For cloud kubernetes service provider created kubernetes cluster, most of them will generate the kubernetes kubeconfig through their command line tool (eg. AKS, GKE, IBM Cloud Kubernetes Service) or they will tell you how to generate the kubeconfig(eg. EKS).
However, some of them (eg. AKS, GKE, IBM Cloud Kubernetes Service) use token for authentication which will be expired after a certain period of time. some of them (eg. EKS) use proxy authentication by default. All of this ways are not suggested by Kubernetes Agent.
So we suggest to use service account with cluster-admin cluster role for authentication for the Kubernetes Agent. Please follow the steps below to update and generate your Kubernetes Agent Credential.
You can follow the guide in this link to deploy the service account.
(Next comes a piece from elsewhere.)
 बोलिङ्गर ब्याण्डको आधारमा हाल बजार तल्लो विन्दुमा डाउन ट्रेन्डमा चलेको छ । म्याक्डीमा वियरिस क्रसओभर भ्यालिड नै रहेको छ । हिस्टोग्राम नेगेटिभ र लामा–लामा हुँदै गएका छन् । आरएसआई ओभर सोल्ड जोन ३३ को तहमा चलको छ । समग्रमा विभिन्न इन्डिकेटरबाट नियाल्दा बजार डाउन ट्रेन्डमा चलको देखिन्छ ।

Create a new service account:
kubectl create serviceaccount kubeclusteradmin
Cluster Role Binding:
kubectl create clusterrolebindings kubeclusteradmin-crb --clusterrole=cluster-admin --serviceaccount=kubeclusteradmin
Now, you will have a service account with cluster-admin role.
For the authentication part, some cloud provider use CLI tools to generate a default kubeconfig which uses token (will expired sometime) for authentication (eg. AKS, GKE, Openshift), some others use web hook or proxy for authentication (eg. IBM Cloud Kubernetes Service, EKS).
No matter which way, they all cannot be used as the Kubernetes Agent credential. We need to create a service account first (Refer to section 3.1), then update to the default kubeconfig generated by the cloud provider CLIs.
You need to download both Azure CLI and Kubernetes CLI.
az login -u <username> -p <password>
az account set --subscription <subscription number>
az aks get-credentials --resource-group <resource group> --name <cluster name>
If you enable the two-factor authentication, then "az login with -u and -p" will not work, you need to use "az login" instead.
Afterwards you will get a default KubeConfig at <USERHOME>/.kube/config
You need to download Google Cloud Tool and Kubernetes CLI. Then you are able to get the instruction about how to generate the default KubeConfig through the console.
Then you will get a default KubeConfig at <USERHOME>/.kube/config
If you build a Openshift Origin cluster and you can access /etc/origin/master/admin.kubeconfig, then use it as the Kubernetes Agent credential directly.
Otherwise, you can follow the steps below to generate a valid credential.
You need to download Openshift CLI and Kubernetes CLI. Then in the console, you should get the command line help about how to generate the default KubeConfig.
For openshift, we also need to get the kubernetes version, since we cannot get this from the kubernetes REST API.
If you finish the above step, you can type "oc version", and you will get a response similar to below:
So the kubernetes version is 1.9.1. We will use this version number when we create agent and change its properties later.
You can get the default kubeconfig from both command line or download from the console. If you want to use command line, you need to download IBM Cloud CLI and Kubernetes CLI
ibmcloud plugin install container-service -r Bluemix
ibmcloud login -a https://api.au-syd.bluemix.net
ibmcloud cs region-set <region>
ibmcloud cs cluster-config <cluster>
kubectl get nodes
Then you will get a response similar to
Here the kube-config-mel01-kube-demo-cluster.yml for example is your default KubeConfig.
EKS has a very detailed guide for how to generate a default KubeConfig, please follow the official guide.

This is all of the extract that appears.